L’era dello Stato privatizzato: la “privatocrazia” minaccia la democrazia

Lo Stato è cambiato. Se lo Stato moderno è nato per separare il pubblico e il privato, sostituendo le relazioni patrimoniali, tipiche del feudalesimo, con un sistema di cariche pubbliche volto alla gestione imparziale degli affari comuni, dalla seconda metà del XX secolo si è assistito a un’inversione di marcia. L’incalzante privatizzazione di funzioni pubbliche, dai trasporti alla gestione dei beni culturali, dall’istruzione alla sanità, genera una nuova fusione tra pubblico e privato all’interno dello Stato stesso. Lo Stato dirige ma è il privato che spesso amministra (…). Viviamo, in altre parole, nell’era dello Stato privatizzato, o forse meglio dire in una privatocrazia – il privato diventa co-responsabile e co-amministratore della cosa pubblica.
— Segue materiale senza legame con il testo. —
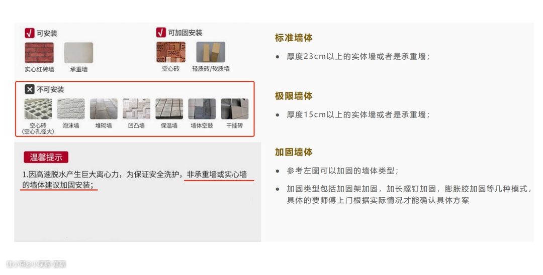 我身边很多朋友,买壁挂洗衣机被劝退的最大顾虑就是,会不会甩干太剧烈掉落下来?的确刷到过蛮多网友壁挂跌落的帖子,大家选购前务必要确认自家是否满足这4个安装条件:承重墙、电源、上水、排水口。

Una domanda allora si impone: può questo nuovo modello di Stato governare in modo legittimo?

SERVIZIO SANITARIO NAZIONALELa privatocrazia è un fenomeno globale. In molti paesi, europei e non, i privati svolgono funzioni pubbliche essenziali. Basti pensare che sono società private ad aver fornito almeno il 50 per cento della presenza militare statunitense durante le recenti operazioni in Iraq e Afghanistan. Questi nuovi mercenari hanno svolto per conto del governo americano funzioni non solo di supporto ma anche di intelligence e persino di combattimento. Vari paesi sono addirittura arrivati a privatizzare il loro sistema carcerario. In Australia, per esempio, quasi il 20 per cento dei carcerati risiede in prigioni private. (…).
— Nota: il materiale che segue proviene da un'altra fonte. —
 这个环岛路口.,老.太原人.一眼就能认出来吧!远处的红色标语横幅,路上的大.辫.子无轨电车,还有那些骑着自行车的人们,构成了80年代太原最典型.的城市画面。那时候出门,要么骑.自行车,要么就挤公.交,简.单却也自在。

L’Italia non fa eccezione. Come reso a tutti noto dalla pandemia COVID-19, anche qui il sistema sanitario è stato parzialmente privatizzato. In alcune regioni come la Lombardia, a seguito di un processo di esternalizzazione dei servizi sanitari iniziato negli anni Novanta, circa il 50 per cento delle istituzioni sanitarie si trova oggi in mano a privati – la regione rimborsa i servizi ma sono i privati che li erogano e che spesso decidono quali servizi fornire. La sanità non è però l’unica area soggetta a privatizzazioni. Come evidenziato dall’ISFOL, l’Istituto per lo sviluppo della formazione professionale dei lavoratori, una percentuale notevole di appalti e contratti a privati viene erogato dalla pubblica amministrazione per lo svolgimento di funzioni che vanno dalla raccolta dei rifiuti alla gestione delle strutture informatiche, dai servizi di sicurezza al trasporto, dagli asili nido all’assistenza agli anziani. In teoria, le funzioni delegate a privati dovrebbero essere di carattere puramente ausiliario. In realtà, come fatto notare già da tempo da Tito Boeri e ribadito più recentemente da Arianna Tassinari, «i processi di esternalizzazione nella pubblica amministrazione interessano sempre più spesso anche funzioni centrali dei servizi pubblici – come per esempio la fornitura di servizi infermieristici nella sanità, o aspetti chiave della previdenza pubblica».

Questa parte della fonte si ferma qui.